Выбрать главу

После концерта ИРМО и шахматного турнира (как ни так, а всё же событие), я принялся за окончание четвёртого акта. Была последняя трудность - одолеть инструментовку «объятий», и с этим пришлось повозиться, а затем был лёгкий и быстрый кончик, и двадцать второго января инструментовка «Игрока» была закончена. Уф! Такая тяжесть с плеч! Крайне затянулась эта инструментовка.

Ведь третий акт был готов ещё в сентябре. Четвёртый акт будет интересен и в нём новые звучности.

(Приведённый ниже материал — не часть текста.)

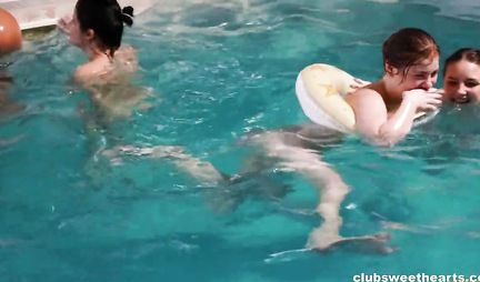 И если кто-то из мужиков на Новый год ходит в баню, то вот эта пятерка симпатичных молодых девушек предпочитает посещать спа-салон на протяжении всего года, наведываясь туда еженедельно по пятницам. И причина столь сильной тяги к купанию в бассейне в том, что девицы ничуть не скромничают, а обязательно в конце помывки начинают ласкать друг друга и гладить во всяких интимных местах, чтобы затем заняться групповым лесбийским сексом. Все верно: лучше заниматься сексом каждую неделю, чем раз в год!

Думал, что теперь станет посвободней и можно будет вытащить мои наброски Скрипичного концерта, но не тут-то было: адская суета продолжалась до конца месяца, т.е. до отъезда в Саратов на мой первый в жизни клавирабенд. А темы для сует были следующие. Во-первых, по поводу истории со вдовой Достоевского. Пришлось навести ряд справок относительно её прав. Оказалось, что она действительно имеет права, но не в такой мере (т.е. 25%), ибо либреттист имеет права и до 33%, но либреттист ведь я, а она лишь владелица сюжета. Были мы с Коутсом и у директора, он посоветовал: пусть Тюфяев улаживает дело со вдовой, благо он хвастался своей дружбой. На этом и порешили. Я поручил ему предложить тысячу рублей единовременно, чтобы не путаться всю жизнь со всякими отчислениями.

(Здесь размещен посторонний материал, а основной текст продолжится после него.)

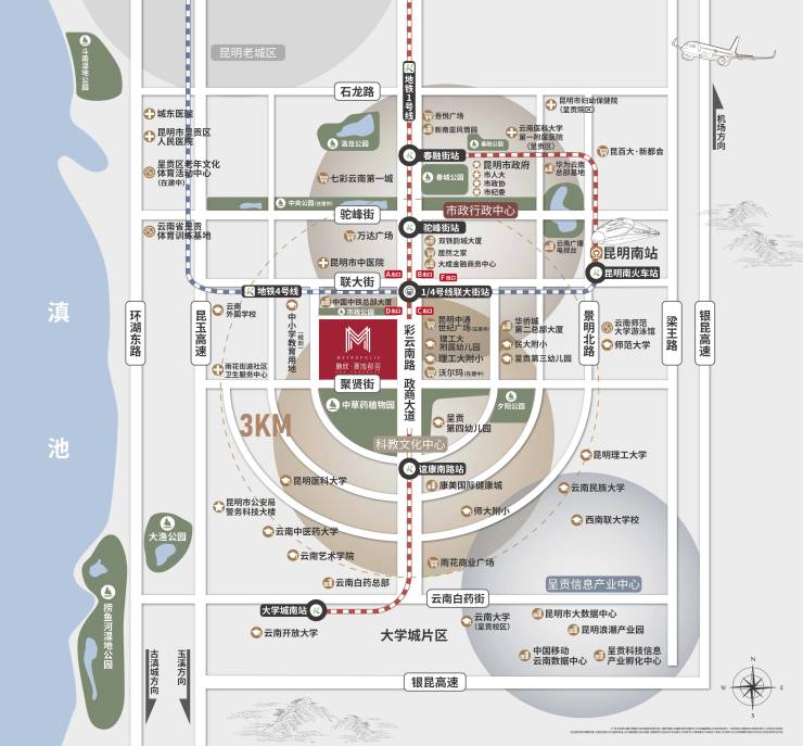 项目位于呈贡城市主干道彩云南路与聚贤街交汇处,项目距离地铁1、4号线换乘中心联大街、谊康南路站仅500米;距离联大立交仅900米,快速畅达全城。

Были мы с Коутсом у Бенуа, дабы посоветоваться насчёт декораций, ибо наш Ламбин внушал мало доверия. Кроме того, дирекция стала ныть на тему о невероятной дороговизне в связи с войной и хотела дать сборные декорации, и новые лишь для тех картин, где уж иначе не обойдёшься, например, рулетка. Бенуа в старой вражде с Мариинским театром, но мил ко мне в высочайшей степени и охотно согласился поговорить об «Игроке». И подал нам неожиданный совет: поставить «Игрока» в сукнах, вместо декораций, как это уже было сделано, и удачно, с «Братьями Карамазовыми», инсценированными в Художественном театре. С этой идеей мы отправились к директору, который, к удивлению, с большой охотой согласился на сукна и даже сказал, что лучше бы, если бы за это дело взялся Головин, человек талантливый и первое лицо по декоративной части в Императорских театрах. Таким образом, неожиданно возник проект передачи постановки от Ламбина и Боголюбова к Головину и режиссёру Мейерхольду. Мейерхольд - человек талантливый и с большими, иногда несколько вредящими ему фантазиями. Недавно он с Головиным поставил «Каменного гостя», очень умно и тщательно его отделав, за что я его и расхвалил тогда, получив ответ:

- Мне особенно приятно слышать эту похвалу от вас. Надеюсь, что и нам с вами удастся поработать.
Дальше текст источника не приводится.